Comment 67 for bug 574910

Revision history for this message
Rod (rod-vagg) wrote :

I've been putting up with the high load averages for a few months now on our production system. I've also been experiencing what I thought was an unrelated problem but I've come to suspect is tied up with this bug: every now and again the system would appear to lock up and become unresponsive but because I often keep an SSH session open to the server I can see that it's still running and load averages have spiked to over 50 and nothing can be killed and only simple processes can be started (ps). I have been able to just wait it out in the past and it fixes itself but because this is an important production system my best option is to force a restart (it usually responds to a 'reboot').

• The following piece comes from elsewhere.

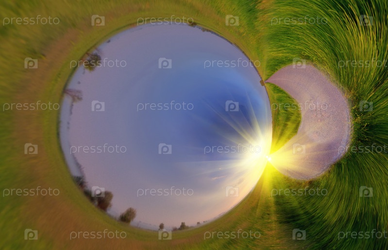 Панорамное изображение выглядит как Зеленая планета с восходом солнца над асфальтовая дорога

This happened every couple of weeks but recently it seems to have been happening more often. As far as I can recall this new since Lucid so I'm suspecting that it's related to this load reporting problem.
It's happened 3 times now in the last week and is becoming increasingly frustrating so I've restarted this system with one of the test kernels posted here (aki-84b75ded). I can confirm that this has fixed the original load average bug and the system has been running for 24 hours with no appreciable problems. I can report back here if the same load spike problem happens again, if it does then I guess its a new bug but I wouldn't be confident pinning it on Lucid in particular. I guess if it doesn't show up again we can assume that (a) the originally reported problem caused wider problems and (b) the new kernels have fixed those problems.